The honeymoon is over for Obama in the US, but UK media maintain a more balanced view

When US President Barack Obama collected his Nobel Peace Prize last month, many of the UK papers noted the irony of this, considering the amount of negative coverage Mr Obama is receiving over the Afghanistan war.

Research supplied by Echo Sonar

As timesonline wrote in a headline on 10 December: “Barack Obama flies in to collect Nobel Peace Prize as war escalates”. The UK press may be showing some concerns about Mr Obama, but in the US his popularity is falling fast. At foxnews.com in November a report stated: “President Obama's approval rating has hit a new low of 46 percent, according to a FOX News poll released Thursday (19 November 2009). An equal number – 46 percent – disapprove of the job he's doing.”

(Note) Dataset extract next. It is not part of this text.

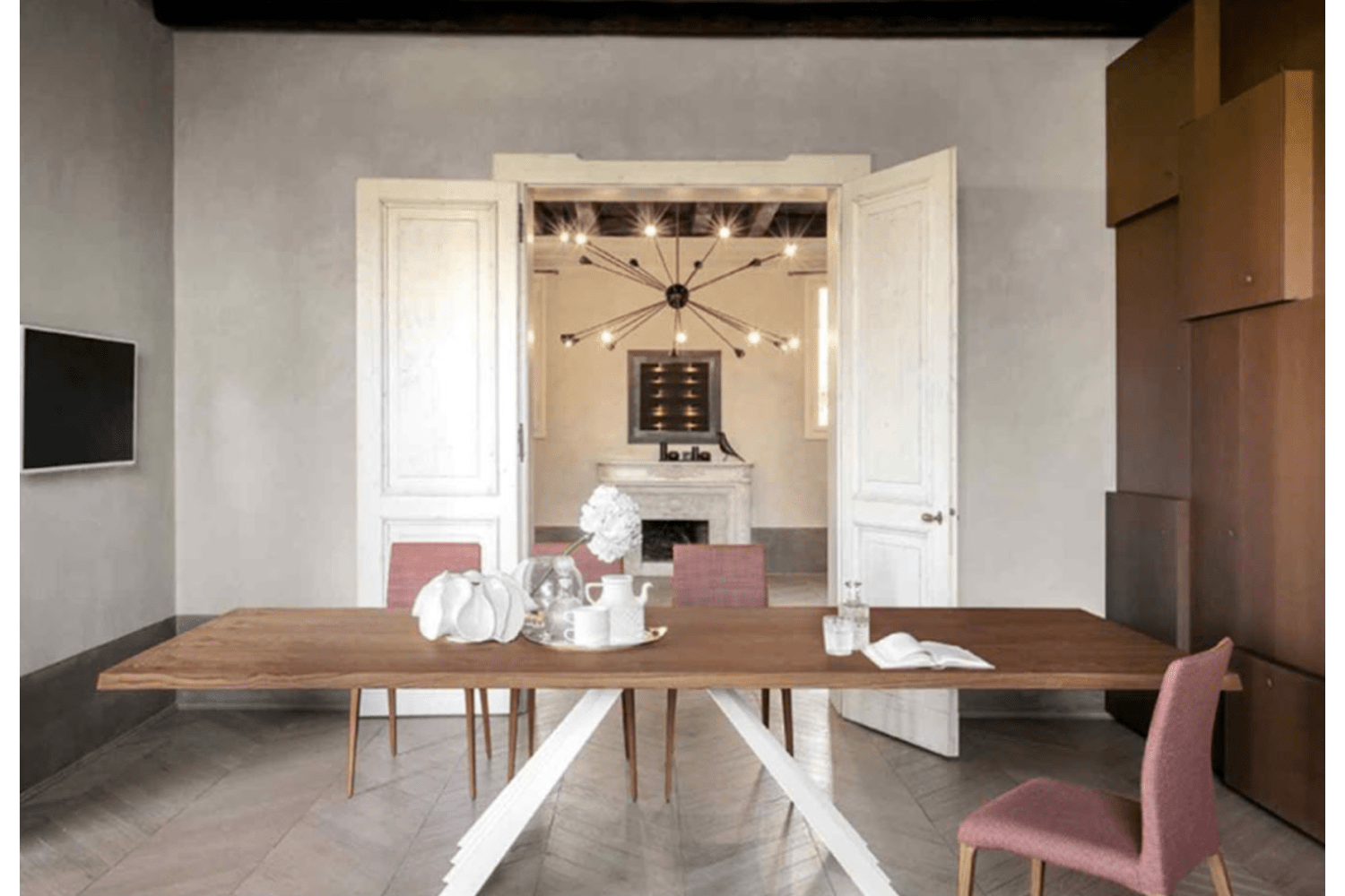 Originating in Italy and crafted from premium Italian materials, Ventaglio represents a perfect fusion of artisanal skill and excellence. Its standout feature lies in the gracefully curved metal legs, available in a variety of colors. The table comes with tops crafted from glass, tempered glass, and wood, offered in both fixed and extendable options. Delve into the refined design, particularly showcased in the extendable wooden version, where solid wood adds durability and enhances beauty. The entire ensemble, warm, resistant, elegant, and classic, stands out against the contemporary base.

Obviously, the UK has a different perspective on the US President. When it comes to such issues as his healthcare proposals, it is not surprising that UK newspapers react more favourably than those in the US. PRmoment commissioned research looking at how coverage of Mr Obama has altered in the last six months in the UK, and found that although negative coverage has increased from 7 per cent to 10 per cent, the majority of coverage remains balanced at 77 per cent (just 4 per cent down from June).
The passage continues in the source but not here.